**YOUR INSTRUCTIONS:** Exact transcription, pictures omitted: reproduce the listing below.

━━━━━ DATASET SECTION

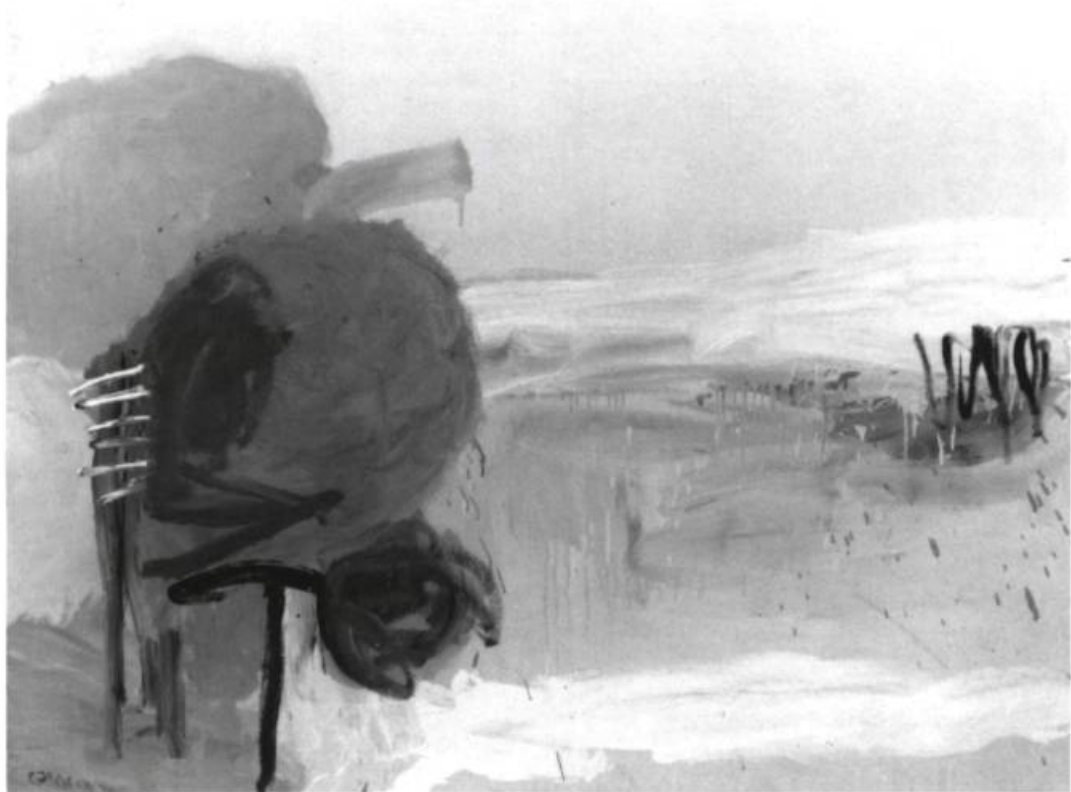
Charles Gagnon, Field , 1961. Huile sur toile; 96,6 x 121 cm. Collection et photo : Musée d'art contemporain de Montréal
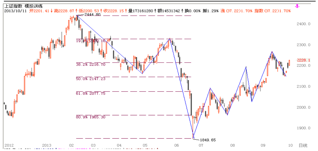
图1-1：反弹面临下跌比例的61.8%回撤阻力
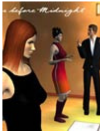
Kiss before Midnight

━━━━━━━━━━

**TASK RESPONSE:**
Charles Gagnon, Field , 1961. Huile sur toile; 96,6 x 121 cm. Collection et photo : Musée d'art contemporain de Montréal
图1-1：反弹面临下跌比例的61.8%回撤阻力
Kiss before Midnight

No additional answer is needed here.